First, to address a question some people might have: is data science the sort of thing that can be learned from a book?
The answer is yes, but you have to make sure you’re applying the lessons you learn. Like coding, data science is an active process. You won’t get very far learning to code by simply reading words on a page. You have to type code, discover you’ve made an error, and start hunting down the bug. You have to realize that the language has shifted just a bit since the book was published and head to stack overflow to see if you can figure out how to proceed.
This is the only way to make coding a living skill, and the same applies to data science.
The Best Books for Learning Data Science
Before we get to specific recommendations, it’s important to determine your focus. Are you looking for real world applications and case studies or for something more academic? Are you looking for an introduction to data science, or are you looking for something more advanced? There are many focus topics for data science, like machine learning, deep learning, neural networks, data visualizations, and business intelligence.
There are also books with a programming language focus, that may specifically teach machine learning with Python.
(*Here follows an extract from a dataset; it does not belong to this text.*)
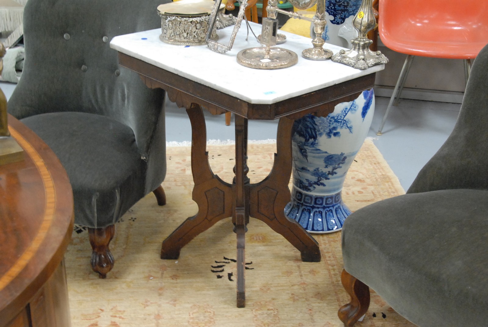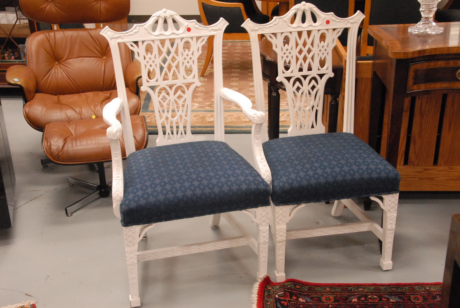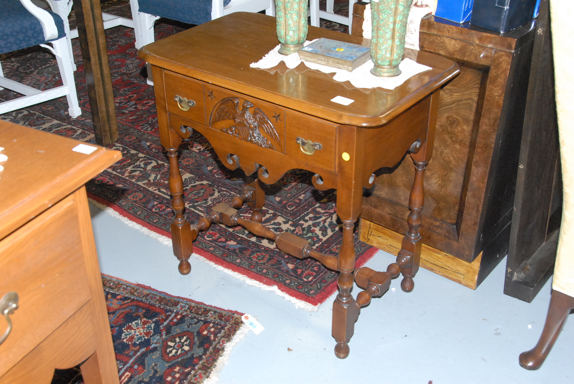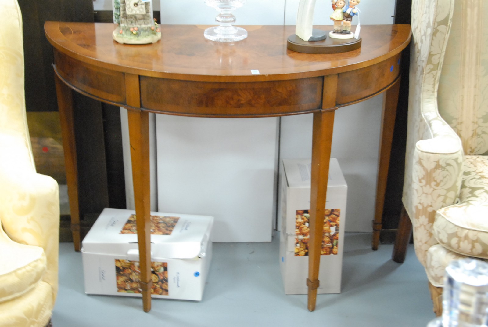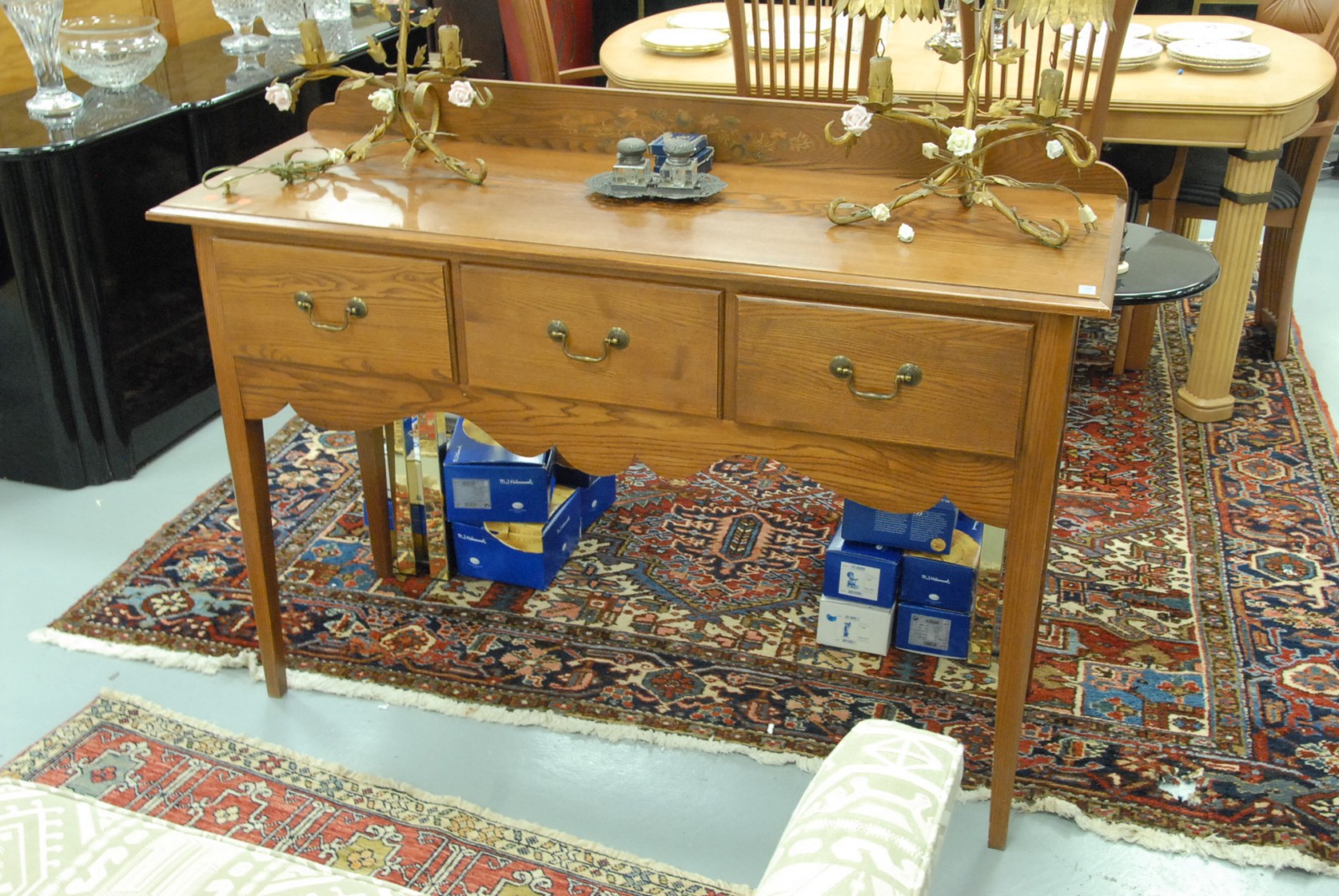 Large Burlwood dining room table with two leaves and pads, also Burlwood sideboard with four doors

It’s important to know what you’re looking for when searching for a book.
This list could be multiplied 50 times and still not cover every worthy title, but here are some of my favorite recommendations for books covering machine learning, with a focus on good introductions to machine learning:
- Thinkstats, Allen B. Downey. I went back and forth on whether or not to include a text devoted exclusively to probability theory on this list because there’s almost nothing more foundational to data science. Downey’s book does a great job of covering just what an aspiring analyst needs to know.
- Data Science From Scratch, Joel Grus. When you’re starting from the beginning, you need a book that does too. Take your time here to build a good foundation.
- An Introduction to Statistical Learning, Gareth James, Daniela Witten, Trevor Hastie, Robert Tibshirani. One of the foundational texts for data science–you’ll be hard pressed to find a more pithy and thorough overview of the major data science algorithms.
- Python for Data Analysis, Wes McKinney. This book will teach you data science through Python, Numy, and Pandas, three of the most important tools you can learn. If you get a job in data science, you will almost certainly be using them on a regular basis.
- Understanding Machine Learning, Shai Shalev-Shwartz and Shai Ben-David. Machine Learning is all the rage these days, but there’s a lot of nonsense mixed in with genuinely exciting advancements. Whether you do ML or not, you need to understand the math behind it.
This list should keep you busy for a good while!